Given data »
========================================================================
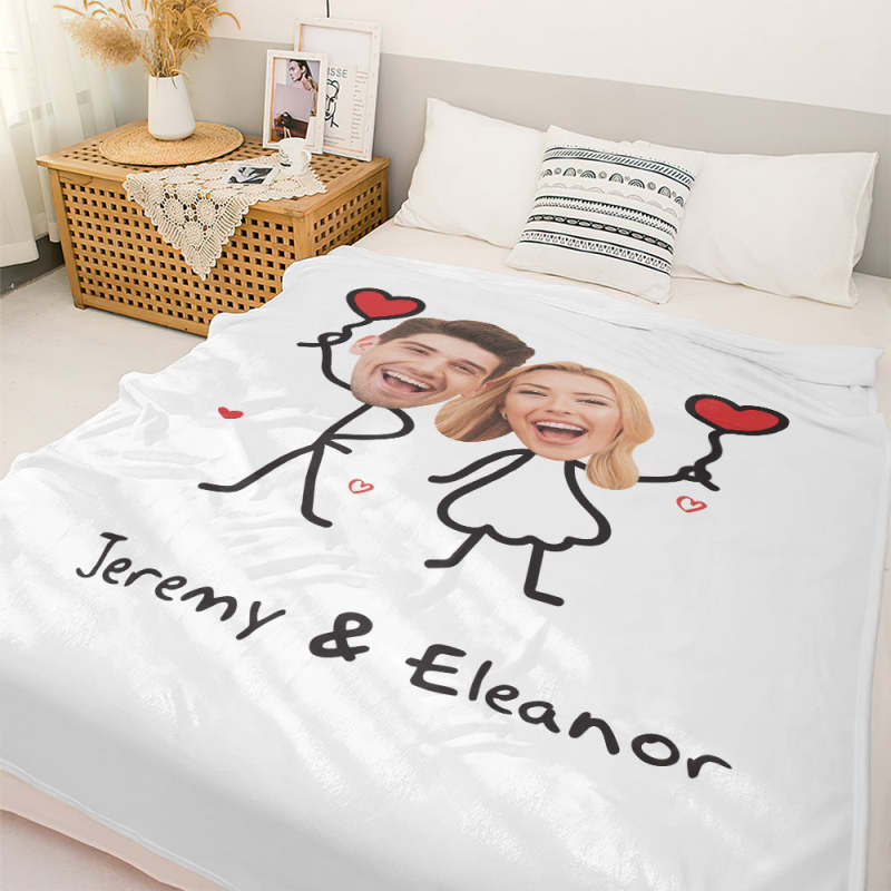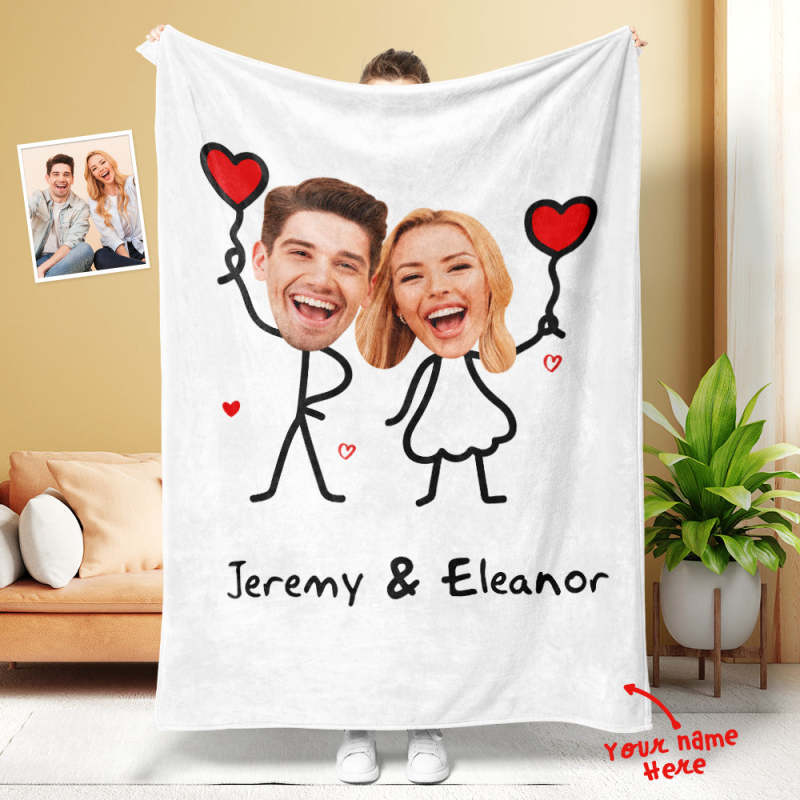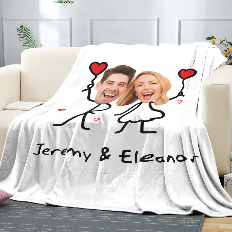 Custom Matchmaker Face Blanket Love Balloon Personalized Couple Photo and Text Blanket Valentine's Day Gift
========================================================================
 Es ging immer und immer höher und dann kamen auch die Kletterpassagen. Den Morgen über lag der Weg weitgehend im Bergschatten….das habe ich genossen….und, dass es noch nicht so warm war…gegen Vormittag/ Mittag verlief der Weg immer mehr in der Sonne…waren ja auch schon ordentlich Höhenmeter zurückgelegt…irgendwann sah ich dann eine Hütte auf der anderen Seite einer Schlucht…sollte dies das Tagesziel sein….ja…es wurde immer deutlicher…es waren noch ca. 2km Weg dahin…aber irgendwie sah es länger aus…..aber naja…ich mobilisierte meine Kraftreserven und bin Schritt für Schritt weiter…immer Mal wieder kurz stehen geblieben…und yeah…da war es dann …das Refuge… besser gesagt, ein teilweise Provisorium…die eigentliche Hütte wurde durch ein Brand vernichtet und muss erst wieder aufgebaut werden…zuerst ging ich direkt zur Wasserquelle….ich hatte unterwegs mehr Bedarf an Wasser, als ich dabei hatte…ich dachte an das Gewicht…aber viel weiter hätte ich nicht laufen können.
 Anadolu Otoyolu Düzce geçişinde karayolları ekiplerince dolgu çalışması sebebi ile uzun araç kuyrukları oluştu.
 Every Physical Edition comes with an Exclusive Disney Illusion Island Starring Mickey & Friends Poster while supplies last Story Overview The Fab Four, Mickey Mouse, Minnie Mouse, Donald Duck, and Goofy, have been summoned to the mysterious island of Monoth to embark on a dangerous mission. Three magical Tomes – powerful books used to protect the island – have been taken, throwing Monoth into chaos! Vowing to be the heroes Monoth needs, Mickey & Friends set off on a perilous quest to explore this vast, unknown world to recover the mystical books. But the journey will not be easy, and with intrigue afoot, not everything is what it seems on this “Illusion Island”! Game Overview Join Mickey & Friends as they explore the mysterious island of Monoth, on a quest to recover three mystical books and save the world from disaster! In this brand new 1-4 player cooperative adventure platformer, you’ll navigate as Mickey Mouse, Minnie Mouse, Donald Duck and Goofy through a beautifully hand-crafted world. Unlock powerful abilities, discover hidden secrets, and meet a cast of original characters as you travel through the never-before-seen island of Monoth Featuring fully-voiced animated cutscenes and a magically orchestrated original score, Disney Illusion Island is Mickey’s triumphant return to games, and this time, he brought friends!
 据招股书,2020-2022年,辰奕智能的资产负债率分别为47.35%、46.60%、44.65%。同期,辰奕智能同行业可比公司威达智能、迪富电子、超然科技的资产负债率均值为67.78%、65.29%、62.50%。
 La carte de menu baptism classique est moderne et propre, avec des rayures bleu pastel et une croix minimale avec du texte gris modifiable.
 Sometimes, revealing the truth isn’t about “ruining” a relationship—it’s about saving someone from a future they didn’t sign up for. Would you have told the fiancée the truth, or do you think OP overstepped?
========================================================================
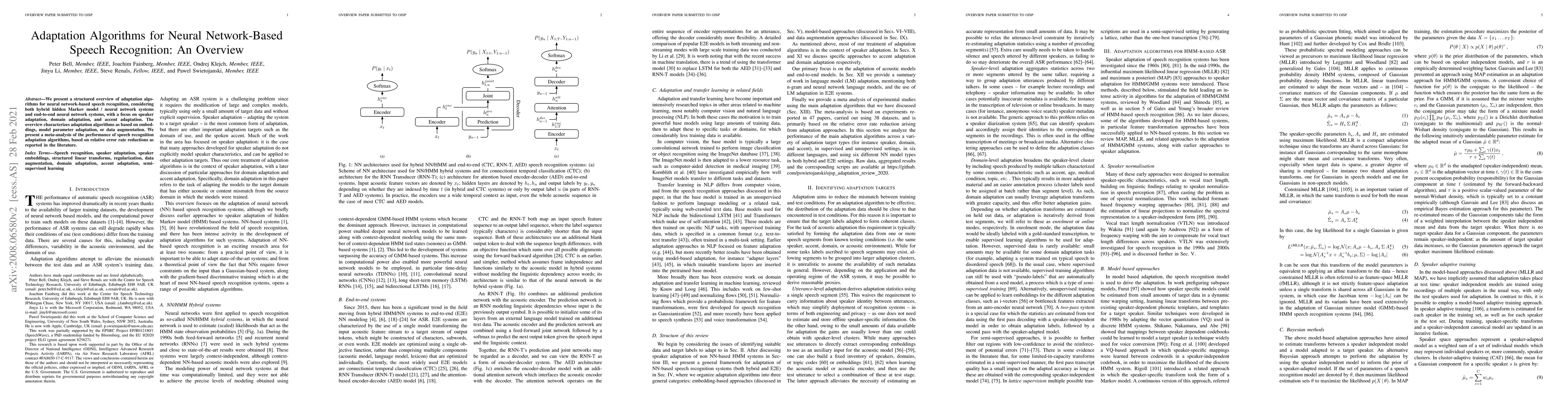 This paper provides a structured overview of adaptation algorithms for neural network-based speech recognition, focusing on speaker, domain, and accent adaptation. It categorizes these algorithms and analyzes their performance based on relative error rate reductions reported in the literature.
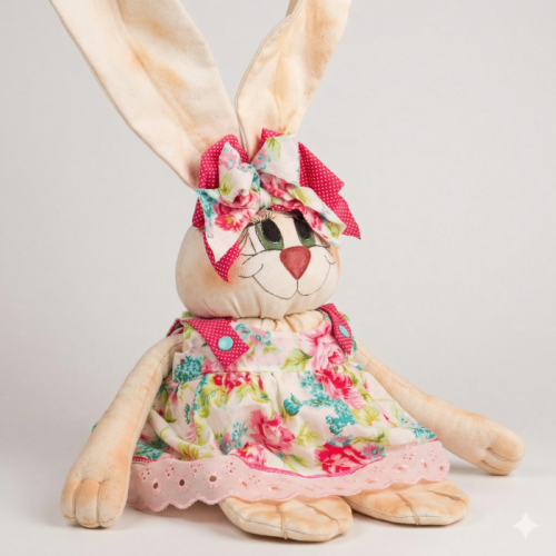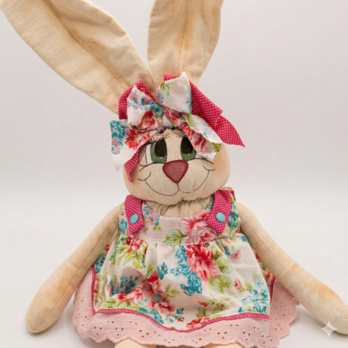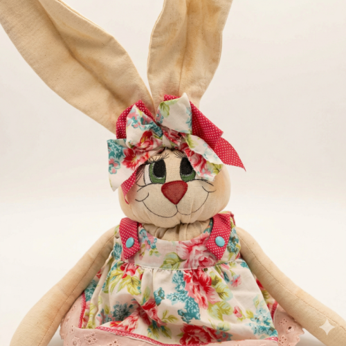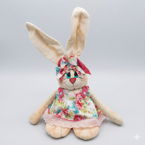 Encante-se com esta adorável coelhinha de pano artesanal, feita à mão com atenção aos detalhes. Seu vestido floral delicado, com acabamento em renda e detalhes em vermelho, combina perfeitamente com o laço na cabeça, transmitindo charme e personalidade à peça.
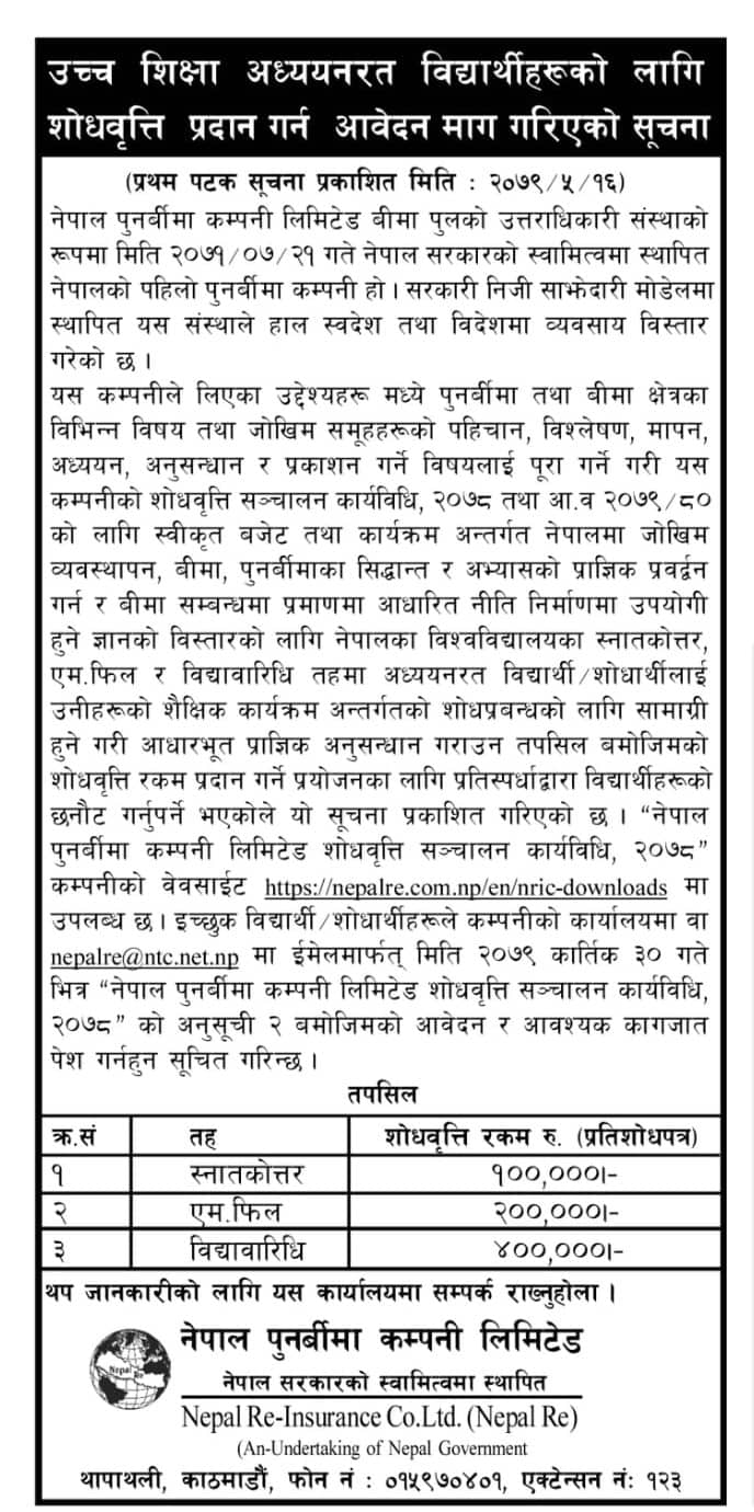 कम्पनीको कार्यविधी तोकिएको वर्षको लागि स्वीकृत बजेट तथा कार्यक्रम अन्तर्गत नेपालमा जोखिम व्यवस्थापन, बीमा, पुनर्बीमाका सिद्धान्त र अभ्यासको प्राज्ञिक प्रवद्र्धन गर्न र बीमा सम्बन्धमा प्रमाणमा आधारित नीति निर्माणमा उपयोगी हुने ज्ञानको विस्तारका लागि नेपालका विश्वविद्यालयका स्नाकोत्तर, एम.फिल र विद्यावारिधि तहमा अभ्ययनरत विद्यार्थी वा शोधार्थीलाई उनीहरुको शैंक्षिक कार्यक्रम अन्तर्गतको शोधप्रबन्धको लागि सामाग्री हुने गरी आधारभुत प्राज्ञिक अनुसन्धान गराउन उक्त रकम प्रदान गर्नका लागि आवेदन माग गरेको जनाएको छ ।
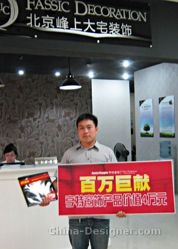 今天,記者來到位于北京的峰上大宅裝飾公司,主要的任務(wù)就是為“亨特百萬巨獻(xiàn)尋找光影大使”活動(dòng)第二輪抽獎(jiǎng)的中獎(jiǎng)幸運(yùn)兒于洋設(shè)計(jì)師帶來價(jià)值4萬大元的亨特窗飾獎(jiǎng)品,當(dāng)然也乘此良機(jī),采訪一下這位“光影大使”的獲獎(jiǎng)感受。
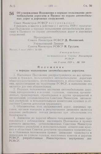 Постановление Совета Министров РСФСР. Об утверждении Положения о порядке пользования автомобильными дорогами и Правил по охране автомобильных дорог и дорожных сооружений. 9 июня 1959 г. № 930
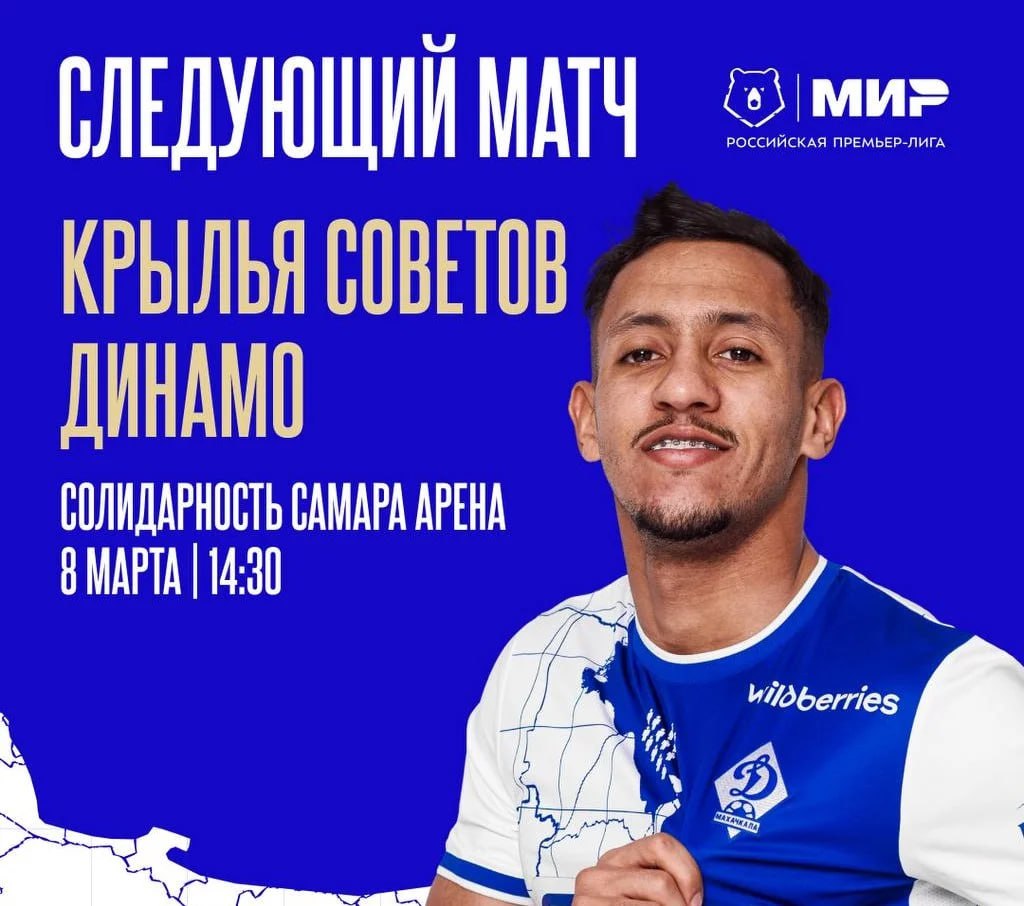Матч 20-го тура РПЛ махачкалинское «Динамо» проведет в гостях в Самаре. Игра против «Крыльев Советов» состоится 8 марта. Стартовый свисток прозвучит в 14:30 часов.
========================================================================
Required action » For this exercise, return exactly the lines above from the line with "今天,記者來到位于北京的峰上" through the line with "Матч 20-го тура", both included. Do not copy the pictures.

Exercise solution »
 今天,記者來到位于北京的峰上大宅裝飾公司,主要的任務(wù)就是為“亨特百萬巨獻(xiàn)尋找光影大使”活動(dòng)第二輪抽獎(jiǎng)的中獎(jiǎng)幸運(yùn)兒于洋設(shè)計(jì)師帶來價(jià)值4萬大元的亨特窗飾獎(jiǎng)品,當(dāng)然也乘此良機(jī),采訪一下這位“光影大使”的獲獎(jiǎng)感受。
 Постановление Совета Министров РСФСР. Об утверждении Положения о порядке пользования автомобильными дорогами и Правил по охране автомобильных дорог и дорожных сооружений. 9 июня 1959 г. № 930
Матч 20-го тура РПЛ махачкалинское «Динамо» проведет в гостях в Самаре. Игра против «Крыльев Советов» состоится 8 марта. Стартовый свисток прозвучит в 14:30 часов.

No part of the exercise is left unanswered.